1Herinner de gelovigen eraan dat zij de overheid en het gezag moeten gehoorzamen. Zij moeten bereid zijn om altijd het goede te doen. 2Zij mogen van niemand kwaadspreken en geen ruzie zoeken, maar moeten voor iedereen vriendelijk en zachtmoedig zijn.

3Vroeger hadden wij ook geen inzicht, wij waren ongehoorzaam, misleide slaven van onze zondige verlangens en lusten. Ons leven was vol wrok en jaloezie.
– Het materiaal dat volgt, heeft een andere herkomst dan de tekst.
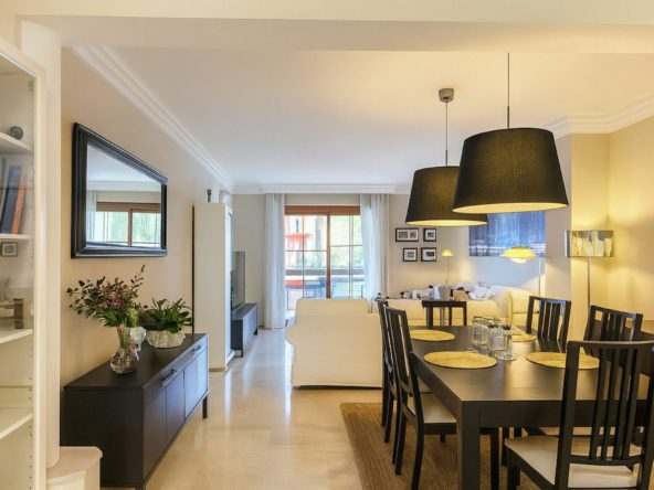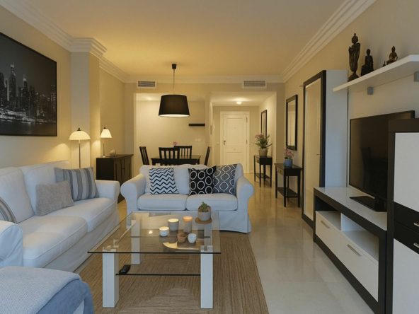 This impressive apartment, is localed in the Gazules del Sol urbanization in the municipality of Benahavis, a gated community with 24-hour security, offers an unparalleled lifestyle. It features three bedrooms, two bathrooms, and a spacious living room that opens onto a large terrace. The separate kitchen with a utility room is perfect for food lovers. The complex offers four outdoor pools, a heated indoor pool, a sauna, and paddle tennis and tennis courts to keep you active. The community gardens are excellently maintained, creating a green and serene environment. It is surrounded by the most prestigious golf courses on the Costa del Sol, such as Guadalmina, Los Flamingos, La Quinta, and Atalaya Country Club. Within walking distance of the beach and all amenities, including restaurants, supermarkets, and several international and prestigious schools on the Costa del Sol, it's perfect for those looking to combine luxury and comfort. It includes one parking spaces and a storage room, as well as marble floors and air conditioning with hot/cold pump for your comfort. Built in 2008, this apartment is located on the first floor, south-facing, and is in excellent condition. Don't miss the opportunity to live in this oasis of tranquility and luxury on the Costa del Sol.
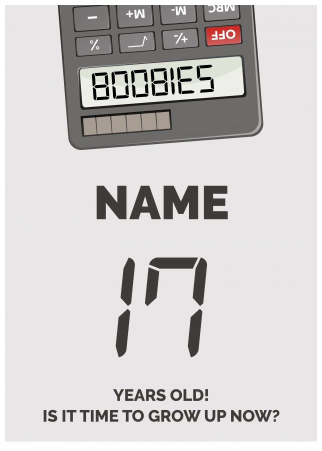 This fun 17th birthday card for an adult has been designed with an upside down calculator with the numbers 5318008 which spells out BOOBIES.
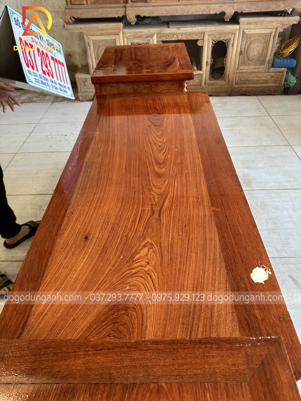 Mặt kệ thiết kế khung tranh ván liền gỗ hương đá siêu vân bóng mịn đẹp mắt được thiết kế 2 tầng mặt để phân biệt khu vực bố trí tivi và khu vực trưng bày loa đài hay bình hoa, tượng trang trí.
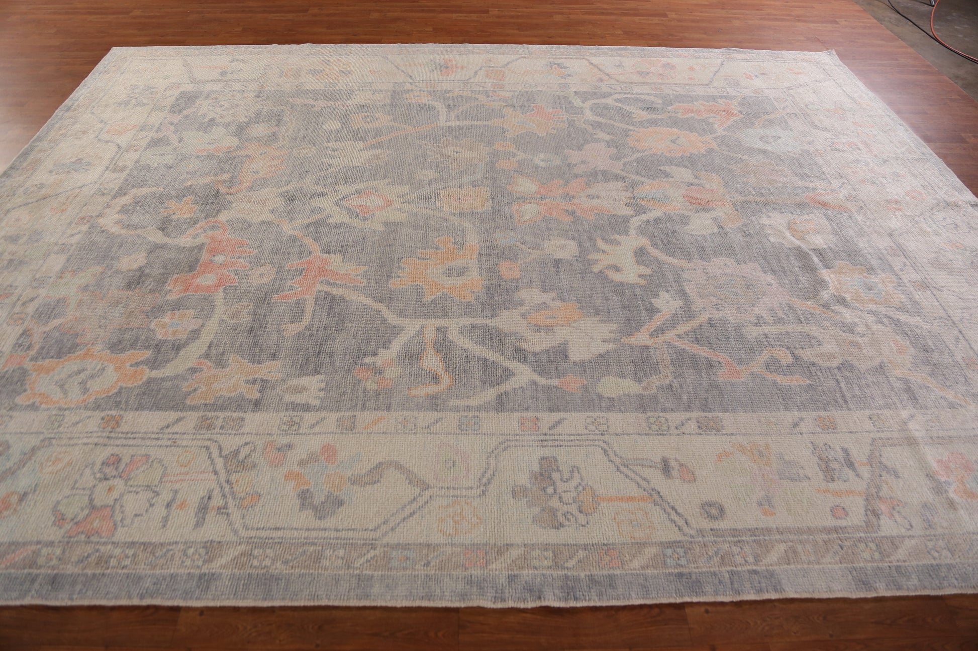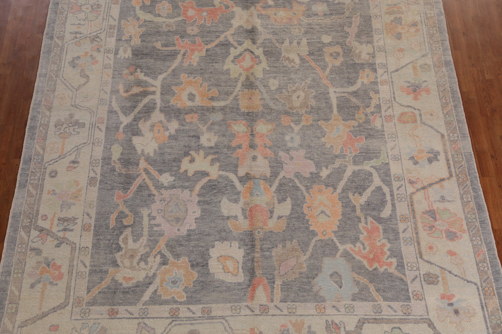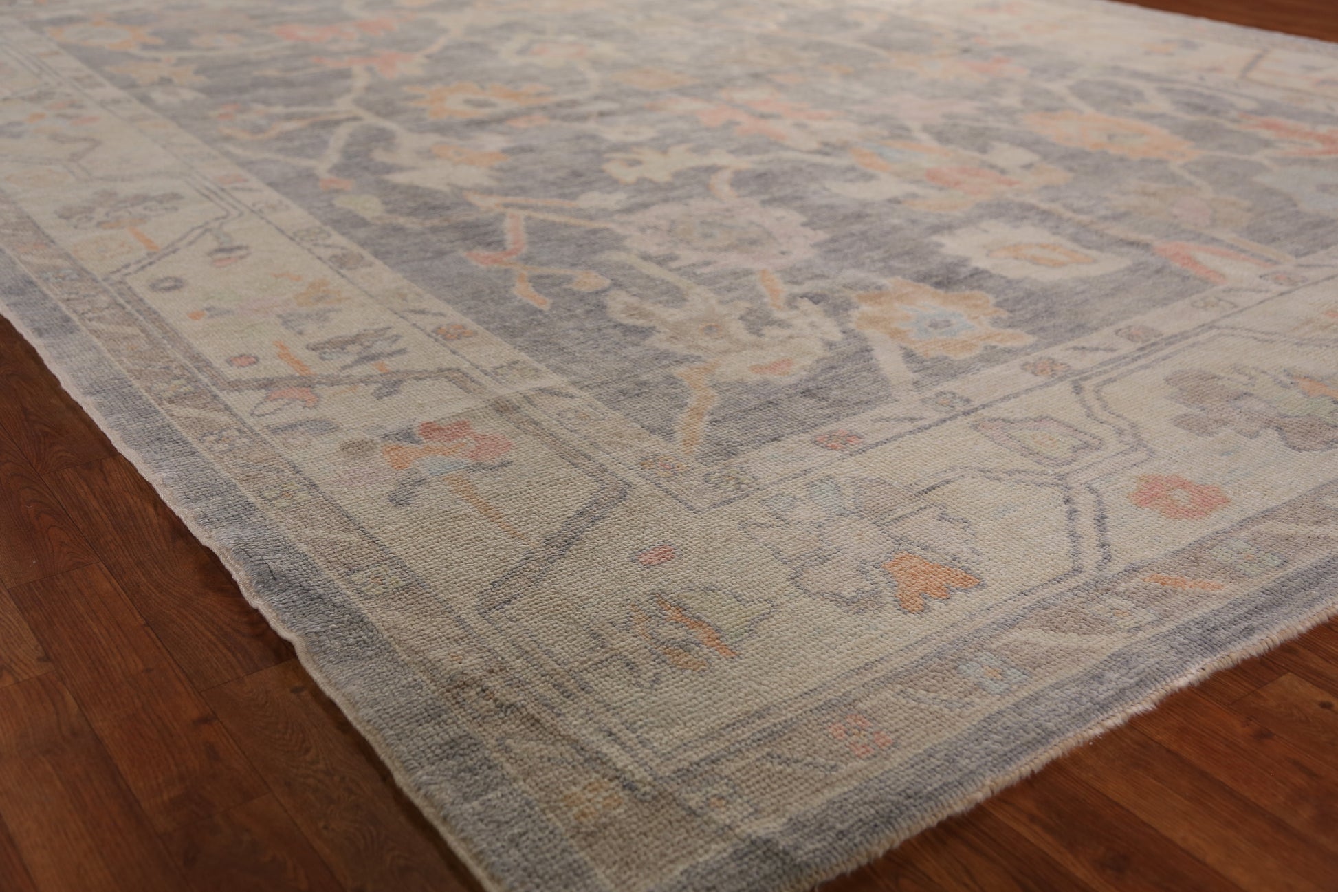 Handmade Gray Floral Oushak Vegetable Dye Area Rug 9x12
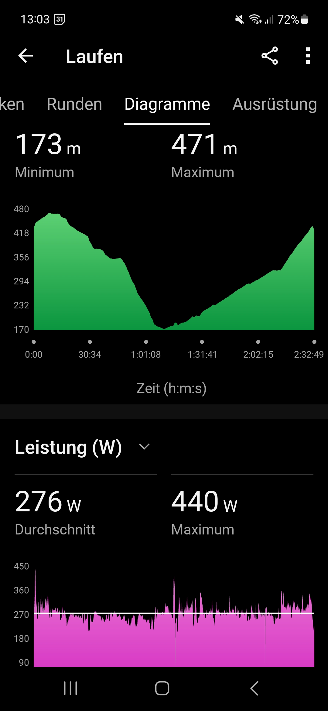 PS: Heute mehr Kilometer , mehr Höhenmeter aufwärts und trotzdem war der Km-Schnitt besser als am vergangenen Freitag.
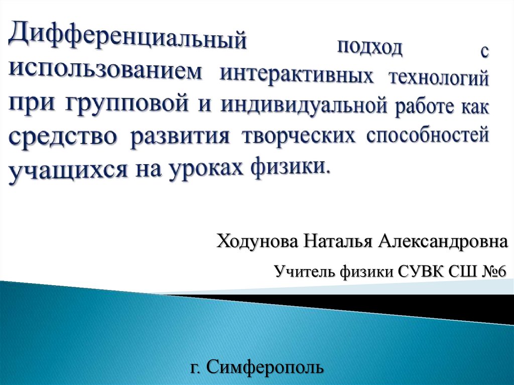 Ходунова Наталья АлександровнаУчитель физики СУВК СШ №6

Wij haatten anderen en wij haatten elkaar. 4Maar toen de tijd aanbrak dat God ons, door de komst van zijn Zoon, zijn liefde en vriendelijkheid zou tonen, heeft Hij ons gered. 5Niet omdat wij het hadden verdiend, maar omdat Hij met ontferming over ons bewogen was en medelijden met ons had. Hij heeft onze zonden afgewassen, ons nieuw leven gegeven en ons vernieuwd door de Heilige Geest 6die Hij rijkelijk over ons heeft uitgegoten. En dat allemaal om wat Jezus Christus, onze Redder, heeft gedaan. 7Dankzij zijn genade zijn wij voor God rechtvaardig verklaard en erfgenamen geworden van het eeuwige leven, waar wij nu op hopen.

8Wat ik je hier gezegd heb, is allemaal waar. Wijs er telkens met klem op. Dan zullen de christenen niet vergeten dat zij goed moeten doen. Dat is niet alleen juist, maar ook nuttig voor onze medemensen. 9Doe niet mee aan discussies over schijnbare problemen en stambomen van voorouders. Laat je niet in met ruzies over de Joodse wetten. Dat is allemaal zinloos en nutteloos. 10Als iemand verdeeldheid onder jullie zaait, moet je hem één, zo nodig twee keer waarschuwen. Als hij niet wil luisteren, moet je niet meer met hem omgaan. 11Je weet dan dat hij God niet meer wil volgen en dat hij zondigt en daarmee zichzelf veroordeelt.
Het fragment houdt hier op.